As the bandwidth and data rate of event streams increases, it will
become impractical for an individual scientist to request and process
all of the events from a primary source like LSST.

The current solution to this is that there will be a number of brokers
who will consume primary streams from the large surveys and then publish
smaller filtered streams containing specific types of events.

I'm interested in how we describe these secondary event streams.

How important does provenance become when we start to have third or
fourth generation streams further processing and filtering the events
from multiple sources, including other brokers?

What criteria will people want to use to select new streams?

Will people stick to using streams from the well known projects, or will
they want to explore a range of available streams to find what they
want?

How does this change the use case for third party brokers?

If someone is interested in specific types of astronomical events, what
criteria will they use to choose which event streams they listen to?

Is the reputation of the primary source important?

Is the algorithm used to classify events important?

Perhaps they choose stream A because it is from a well known source with
a good reputation, and stream B because it uses a new filtering
algorithm they think is interesting?

How can we describe the filtering algorithm for stream B in a way that
users can look for similar streams using similar algorithms?

Is response time important?

Is classification accuracy important?

A new filtering algorithm may be much better at detecting specific types
of astronomical events, but it requires a larger set of historic
measurements to make the assessment, which increases the latency between
the first event and the classification result.

In some cases latency might not be an issue, preferring classification
accuracy over fast response time.

In other cases, fast response time is vital, and the event consumer has
to be willing to cope with a corresponding drop in accuracy.

How do we describe things like classification accuracy, false positive
rates, etc?

Is this up to the event provider to measure and publish their own
accuracy statistics or would some form of third party rating mechanism
be useful, possibly based on feedback on results from event consumers?

What happens when the processing behind an event stream changes?

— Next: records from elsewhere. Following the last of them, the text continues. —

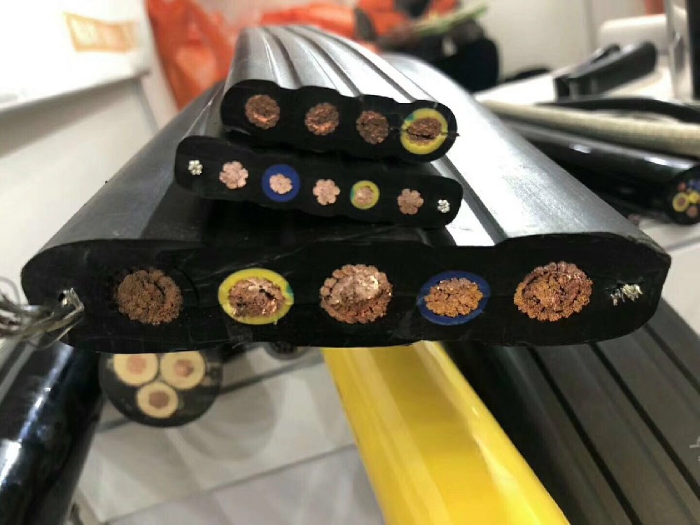 行车电缆主要应在行车,天车,起重机,大型吊机,龙门吊等,需往返移动的场合,并为其提供电力输送,信号控制等。该电缆采用扁平结构设计,通常采用悬挂随行移动安装方式,电缆随设备的运行而随行移动伸缩使用。设计电缆采用一字型或梅花型的芯线结构设计,以控制电缆成品尺寸。对于行程距离较长的,或对抗拉要求较高的,可置入镀锌抗拉软钢丝绳,以增强电缆的抗拉性能。对于抗电磁干扰要求较高的,可置入镀锡铜丝编织的高密度屏蔽网层,以有效对抗电磁干扰。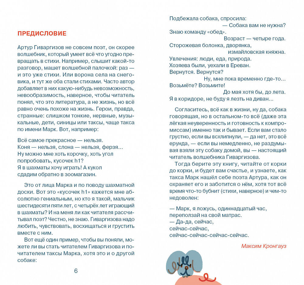 В сборник "Сейчас-сейчас-сейчас" вошли стихотворения Артура Гиваргизова на круглый год. Повседневная, но чудесная в своих деталях жизнь то трогает до слёз, то колет абсурдом. На радость всем читателям, сборник завершает цикл про таксу Марка, любимца публики. И всё – в иллюстрациях Светланы Муллари.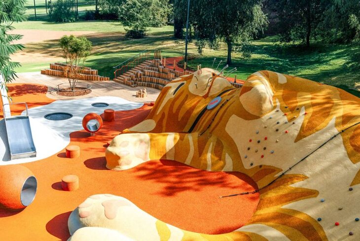 В Парке Горького на новой площадке у Голицынского пруда теперь обитает четырехметровый рыжий кот. Дети могут лазить по его хвосту, канатам, сеткам и специальным зацепам, а также держаться за усы. Эта площадка не только развлекает, но и учит бережному отношению к животным, природе и городу. Особая фишка — переговорная труба внутри кота, которая откликается мяуканьем на детские звуки.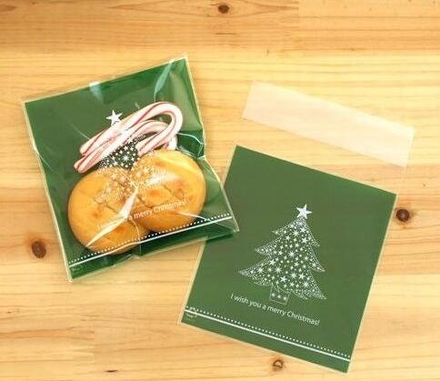 Yunko 100pcs Christmas Tree Cookie OPP Packaging Self-adhesive Plastic Bags for Biscuits Package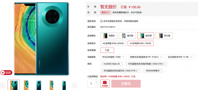 华为Mate30系列已于9月26日18:08正式开售,其中华为Mate30 6GB+128GB版、8GB+128GB版售价分别为3999元、4299元;华为Mate30 Pro 8GB+128GB版、8GB+256GB版售价分别为5799元、6299元。华为商城及线上授权电商平台,华为智能生活馆、体验店等线下门店均有销售。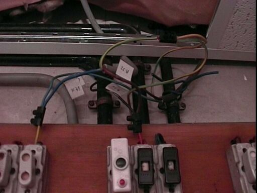Détail sur l'immonde bidouille destinée à alimenter la cuisine d'été et l'adoucisseur d'eau. Noter que les fils de terre, ici comme dans la cuisine principale, n'étaient en fait pas reliés à la terre.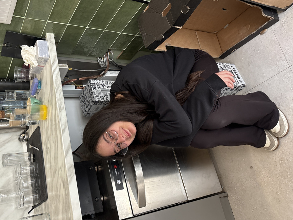 An individual is depicted indoors, likely in a commercial kitchen or bar area within Varna, Bulgaria. A female with long dark hair, wearing round metal-framed glasses, a black long-sleeved top, dark trousers, and light-colored sneakers, is positioned on a patterned "OATLY!" cardboard box on a light grey tiled floor. She is leaning forward, with her arms clasped around her knees, and is smiling towards the camera. To her left, a stainless steel FAGOR AD-50 commercial dishwasher is visible. Behind her, under a light marble-patterned countertop, exposed electrical wires and a second patterned cardboard box are present. To her right, a larger, open cardboard box with black trim rests on the floor. The countertop above features multiple clear glass tumblers inverted on a black drying mat, various other glassware, bottles, a cup containing orange liquid, a light green ceramic cup, a purple object, and a small white box with a crumpled white napkin on a black clipboard. The wall in the upper right background is tiled with dark green horizontal tiles.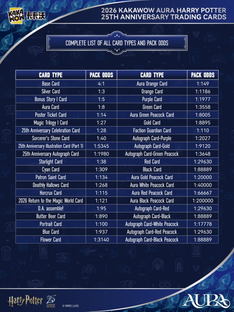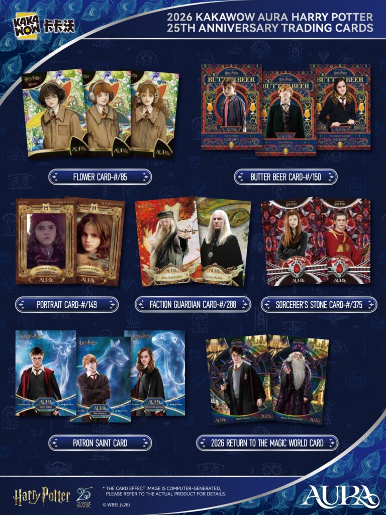 ILLUSTRATION(PART 1)/75、AUTOGRAPH/45、MAGIC TRILOGY/555、CELEBRATION/525、BONUS STORY FLOWER CARD/85、BUTTER BEER/150、PORTRAIT/149、FACTION GUARDIAN/288、SORCERER’S STONE/375、PATRON SAINT、2026 RETURN TO THE MAGIC WORLD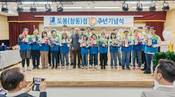 2013년 오픈 당시만 해도 신입의 풋풋함이 넘치던 장애인 직원들은 어느덧 10년 근속을 자랑하는 베테랑 직원이 되었습니다. 지난 3월에는 굿윌스토어 밀알도봉점의 설립 10주년을 기념하며 10년 동안 일해온 장애인 직원들에게 근속패와 꽃다발을 수여했는데요. 무려 24명의 직원들이 근속패를 받았습니다.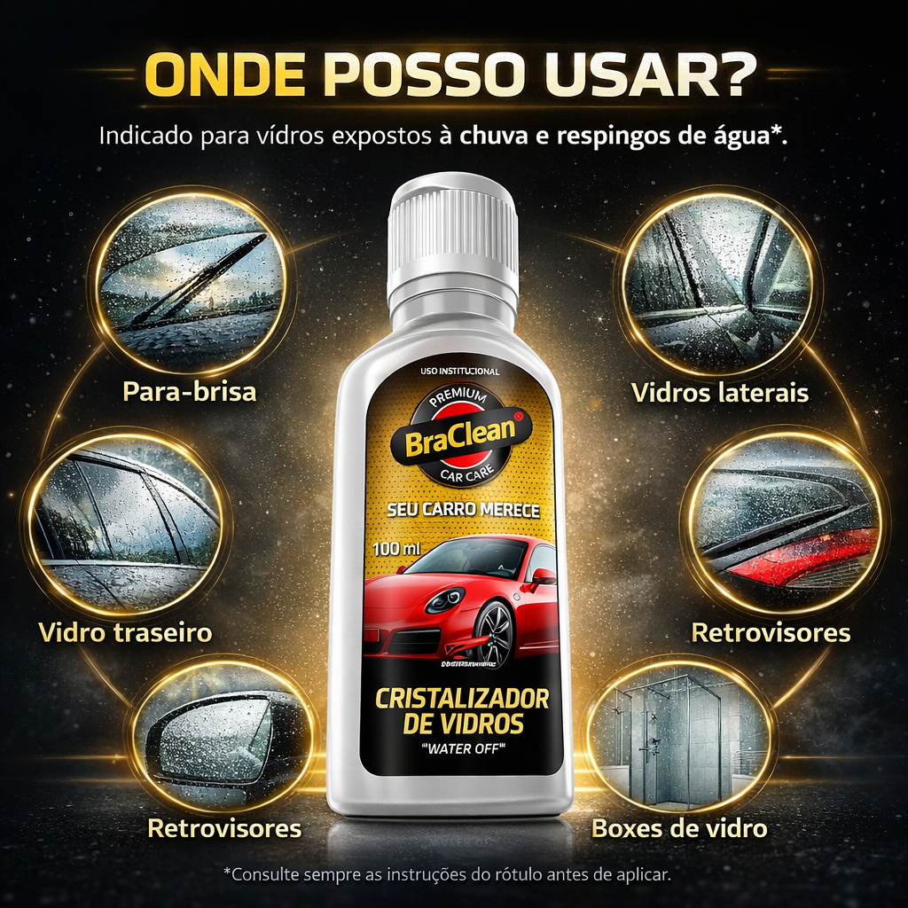 O Cristalizador De Vidros 100ml WaterOff BraClean foi desenvolvido para criar uma película repelente de água sobre o para-brisa e vidros do veículo, ajudando a melhorar a visibilidade em dias de chuva. Ao ser aplicado corretamente, a água tende a formar gotas e escorrer com mais facilidade, reduzindo o acúmulo sobre o vidro e facilitando o trabalho das palhetas do limpador. Além do uso em dias chuvosos, o produto também auxilia na limpeza do vidro, pois a camada formada dificulta a fixação de sujeira leve, contribuindo para um para-brisa mais limpo por mais tempo dentro da rotina de manutenção. BENEFÍCIOS • Ajuda a repelir a água da chuva, formando gotas que escorrem com mais facilidade. • Contribui para melhor visibilidade em dias chuvosos, principalmente em velocidades mais altas. • Facilita o trabalho das palhetas do limpador de para-brisa, ajudando a reduzir arrastos e borrões quando o sistema está em bom estado. • Auxilia na redução da aderência de sujeira leve, tornando a limpeza futura do vidro mais fácil. • Pode ajudar a diminuir o embaçamento externo causado por respingos e névoa fina. • Frasco compacto de 100ml, prático para guardar no veículo ou usar em serviços de estética automotiva. INFORMAÇÕES TÉCNICAS • Marca: BraClean • Produto: Cristalizador De Vidros WaterOff • Volume: 100 ml • Categoria: cristalizador / repelente de água para vidros automotivos • Indicação de uso: para-brisa, vidros laterais, vidro traseiro e, se desejado, espelhos externos (sempre conforme rótulo) • Tipo de produto: líquido para aplicação manual em superfícies de vidro limpas e secas • Uso: automotivo, em superfícies externas de vidro • Conteúdo da embalagem: 1 frasco de Cristalizador De Vidros WaterOff BraClean 100ml (Para composição detalhada, recomendações de segurança e superfícies específicas aprovadas, consulte sempre o rótulo do produto.) COMO USAR Lave bem o vidro com shampoo automotivo e enxágue, removendo toda a sujeira e resíduos. Seque o vidro completamente com pano limpo e sem fiapos. A superfície deve estar fria e à sombra. Certifique-se de que não haja restos de ceras, gorduras ou outros produtos sobre o vidro. Se necessário, faça uma limpeza mais profunda antes. Agite o frasco do Cristalizador De Vidros WaterOff antes de usar. Aplique uma pequena quantidade do produto em um pano de microfibra limpo ou aplicador adequado e espalhe no vidro em movimentos cruzados, formando uma camada fina e uniforme. Deixe o produto agir pelo tempo indicado no rótulo, até começar a formar uma película levemente opaca. Em seguida, faça o polimento com outro pano limpo e seco, removendo o excesso e revelando a transparência. Repita o processo em todos os vidros desejados. Reaplique periodicamente, de acordo com a frequência de uso do veículo, das lavagens e da orientação do fabricante. PERGUNTAS FREQUENTES (FAQ) Posso aplicar o cristalizador na parte interna do vidro? O uso principal é na parte externa dos vidros. Em geral, não é indicado aplicar na parte interna, onde a necessidade é mais de limpeza e controle de embaçamento com produtos específicos. Posso usar em vidros com película (insulfilm)? Antes de usar sobre vidros com película, verifique as orientações do rótulo. Se for permitido, aplique com cuidado e em pequena área de teste. Caso não haja indicação clara, limite o uso aos vidros externos sem película. Quanto tempo dura o efeito do cristalizador? A durabilidade depende da frequência de uso do veículo, intensidade de chuva, atrito das palhetas e produtos usados na lavagem. Em geral, o efeito tende a diminuir com o tempo, sendo recomendada reaplicação periódica. O produto substitui o limpador de para-brisa? Não. O cristalizador é um complemento. Ele ajuda na repelência da água e na melhoria da visibilidade, mas não substitui o sistema de limpadores em bom estado, nem a necessidade de manutenção adequada. Posso aplicar em vidros de casa ou box de banheiro? Em muitos casos, o produto pode ser utilizado em outras superfícies de vidro, desde que o objetivo seja repelência de água e não haja restrição no rótulo. Ainda assim, sempre faça um teste em pequena área antes de aplicar em toda a superfície. PROVA DE CONFIANÇA – POR QUE COMPRAR O CRISTALIZADOR DE VIDROS 100ml WATEROFF BRACLEAN • Produto desenvolvido especificamente para aplicação em vidros automotivos, pensando na melhoria de visibilidade em chuva. • Embalagem de 100 ml prática para uso em um ou mais veículos, com aplicação manual simples. • Pode ser integrado à rotina de estética automotiva, somando-se à lavagem e à limpeza de vidros para um resultado mais completo. • Aliado importante para quem dirige com frequência em chuva e busca mais conforto visual e sensação de segurança ao volante.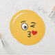 A kissing emoji. One eye is open, the other is winking. A heart is shown leaving the kissing mouth.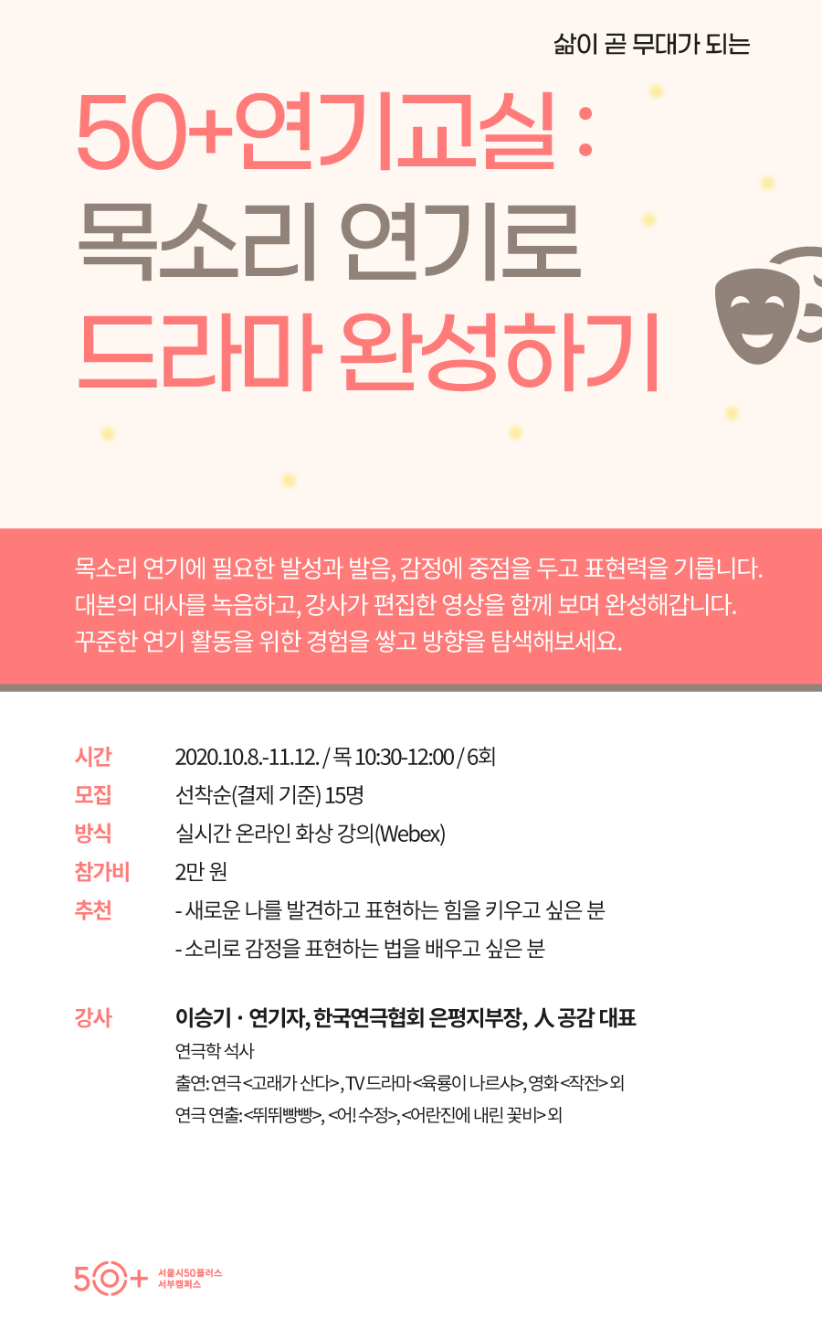50+연기교실 : 목소리 연기로 드라마 완성하기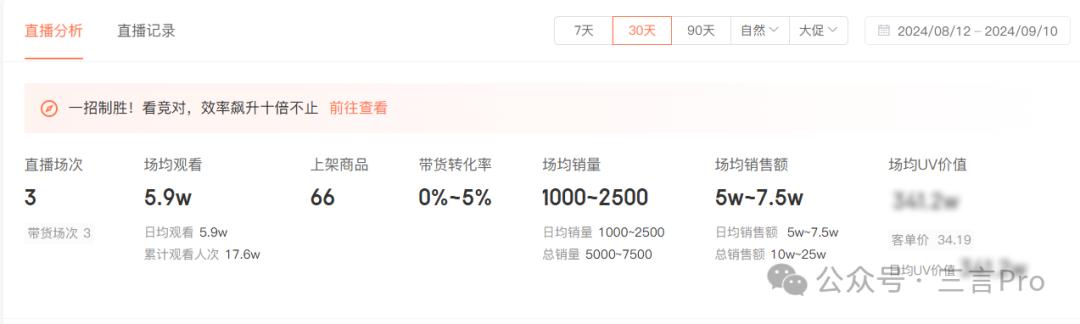 此外,二者场均销售额均为10万-25万。所以二者在直播带货上的表现差别不大。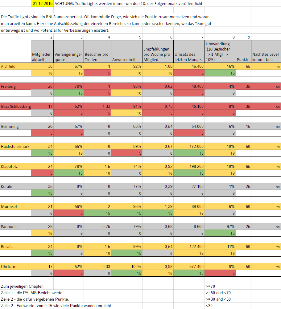 Dieser Bericht zeigt die Kerngrößen der Teams, wo wir stark sind (grün) und wo wir Schwächen haben (rot und grau). In der ersten Zeile siehst Du den Wert des Chapters und in der zweiten wie viele Punkte das Team dafür bekommt.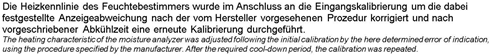 Das im Kalibrierschein angegebene Temperaturkalibrierset wird nach Herstellerangaben in der auf Raumtemperatur abgekühlten Heizkammer installiert und diese verschlossen. Die Heizkammer des Feuchtebestimmers wird mit dem angegebenen Heizprofil auf die jeweilige Prüftemperatur aufgeheizt (Sollwert). Nach der angegebenen Zeit wird die Anzeige des Temperaturkalibriersets abgelesen.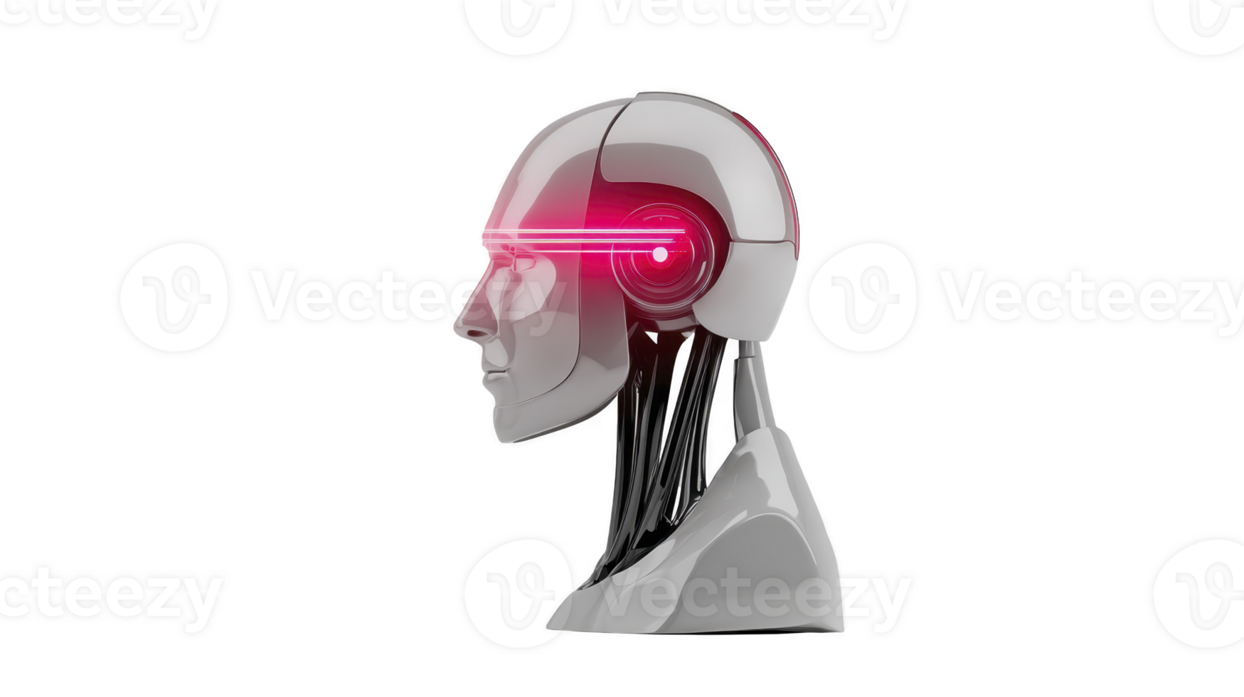 Futuristic robot head with sleek design features shiny surface and glowing red eyes, symbolizing advanced technology and artificial intelligence. profile view highlights its modern aesthetic Pro PNG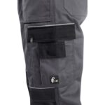 Pánské montérkové kalhoty, pas s poutky na opasek, vzadu do gumy, přední kapsy, boční kapsa na svinovací / skládací metr, boční kapsa na mobil / peněženku, zdvojená kolena, zadní kapsa s klopou, reflexní doplňky.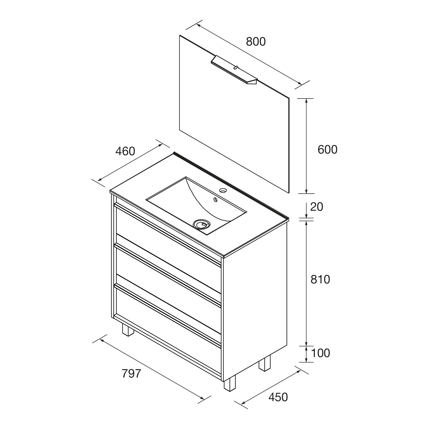 El conjunto de mueble de baño está formado por el mueble de baño, lavabo integrado y un espejo con aplique LED.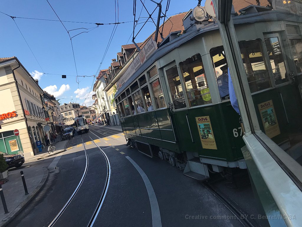 Be 4/4 67 et remorque Bi 363 Be 4/4 67 de l'AGMT (Association Genevoise du Musée des Tramways) Dans les rues de Carouge La Be 4/4 67 a ét mise en service en 1901 puis modernisée dans les années 30 La Be 4/4 67 avec numéro de ligne 1 à Cornavin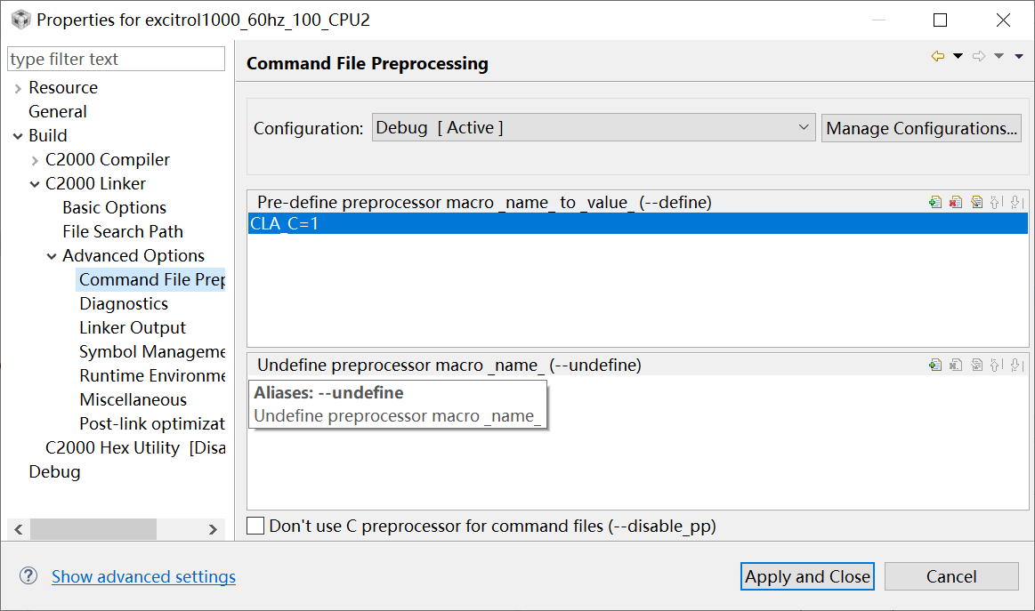 // Project Properties -> C2000 Linker -> Advanced Options -> Command File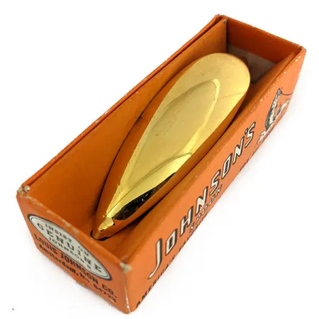 Detta skeddrag på 21 g (3/4 oz) glänser under en 24-karats guldplätering och representerar en höjdpunkt för de vasskyddade konstruktioner som Louis Johnson först lanserade 1920. Med en längd på 7 cm (2 3/4") bär detta specifika bete produktkod 11648 och levereras i sin orange originalkartong. För en samlare är det en sällsynthet att hitta detta vintage-exemplar tillverkat i USA i oanvänt skick, då guldfinishen har kvar den spegelblanka kvalitet som är tänkt att locka fisk på långt håll. Dragets utformning har en tjockare mittsektion, ett tekniskt val för att behålla krokens rätta position vid fiske i tät vegetation. På vintageförpackningen finns originalinstruktioner om hur man apterar den skyddade kroken med jiggar eller trailers för att efterlikna ett skadat byte. Denna modell uppvisar den klassiska droppformen och det vasskydd som blev standard i fiskelådor över hela kontinenten. Askens utsida ger en inblick i fisketips från mitten av seklet och betonar dragets effektivitet i gluggar och hål i vassen.

We are used to dealing with static archives of data, that produces fixed
data releases.

A specific data release of an archive is fixed. Running the same query
will give the same results today and tomorrow.  An event stream will
change over time, not only because tomorrow will have different data
flowing through it, but the processing pipeline that generates the
events may change.

How do we describe changes to an upstream processing pipeline in a way
that is useful to end users?

Some of these may be non-issues, some of these may need to wait until we
build some prototypes and experiment with them.

The answers some of these questions may influence how we design the
event networks and brokers.

Interested to hear what you think.